Call electroweak correction.

Enumerator

EC_BABAMC

ElectroWeak Corr.

from BABAMC (obsolete).

EC_ALIBABA

ElectroWeak Corr.

from ALIBABA, RECOMMENDED.

Definition at line 49 of file BHWide.h.

                         {
      EC_BABAMC = 1, 
      EC_ALIBABA = 2 
    };

◆ HardBremsModel

enum HardBremsModel

Call Brem Model.

Enumerator

HM_HELICITY_AMP

obtained by the BHWide authors (helicity amplitudes).

HM_CALKUL

from CALKUL, Nucl.

Phys.
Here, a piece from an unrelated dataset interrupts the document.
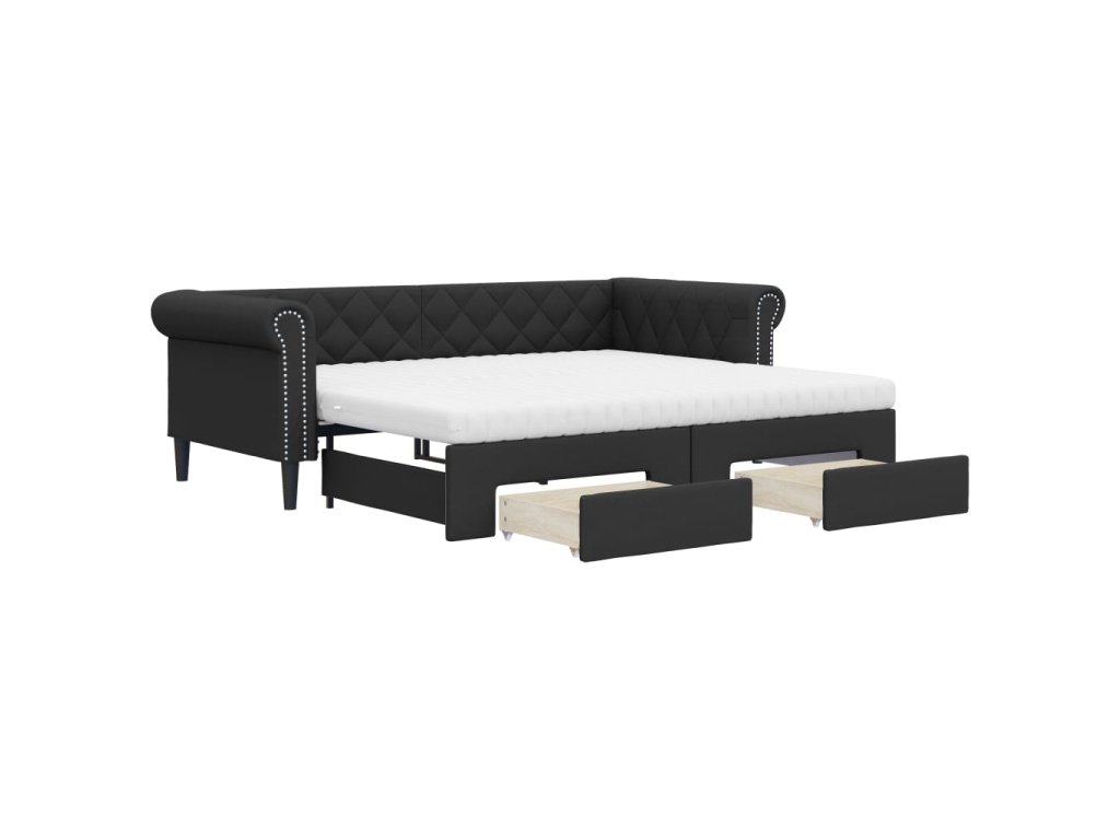 Válenda s přistýlkou a zásuvkami černá 90 x 200 cm umělá kůže 3197735

B206 (1982) 61.

Definition at line 55 of file BHWide.h.

                        {
      HM_HELICITY_AMP = 1, 
      HM_CALKUL = 2        
    };

◆ PhotonVacPolarization

enum PhotonVacPolarization

Call photon polarization.

Enumerator
PP_OFF	Photon vacuum polarization is off.
PP_BHLUMI	Burkhardt et.al. 1989, as in BHLUMI 2.0x.
PP_EIDELMAN	S. Eidelman, F. Jegerlehner, Z.Phys.C(1995)
PP_BURKHARDT	Burkhardt and Pietrzyk 1995 (Moriond).

Definition at line 61 of file BHWide.h.

                               {
      PP_OFF = 0,       
      PP_BHLUMI = 1,    
      PP_EIDELMAN = 2,  
      PP_BURKHARDT = 3  
    };

◆ RandomGenerator

enum RandomGenerator

Call random generator.

Enumerator
RG_RANMAR	Ranmar generator.
RG_RANECU	Ranecu generator.

Definition at line 43 of file BHWide.h.

                         {
      RG_RANMAR = 1, 
      RG_RANECU = 2  
    };

Constructor & Destructor Documentation

◆ BHWide()

BHWide ( )

Constructor.

Sets the default settings.

Definition at line 60 of file BHWide.cc.

{
  for (int i = 0; i < 100; ++i) {
    m_npar[i] = 0;
    m_xpar[i] = 0.0;
  }
 
  m_crossSection = 0.;
  m_crossSectionError = 0.;
 
  setDefaultSettings();
}

◆ ~BHWide()

~BHWide ( )

Destrucotr.

Definition at line 74 of file BHWide.cc.

{
 
}

Member Function Documentation

◆ applySettings()

void applySettings ( )

protected

Apply the settings to the internal Fortran generator.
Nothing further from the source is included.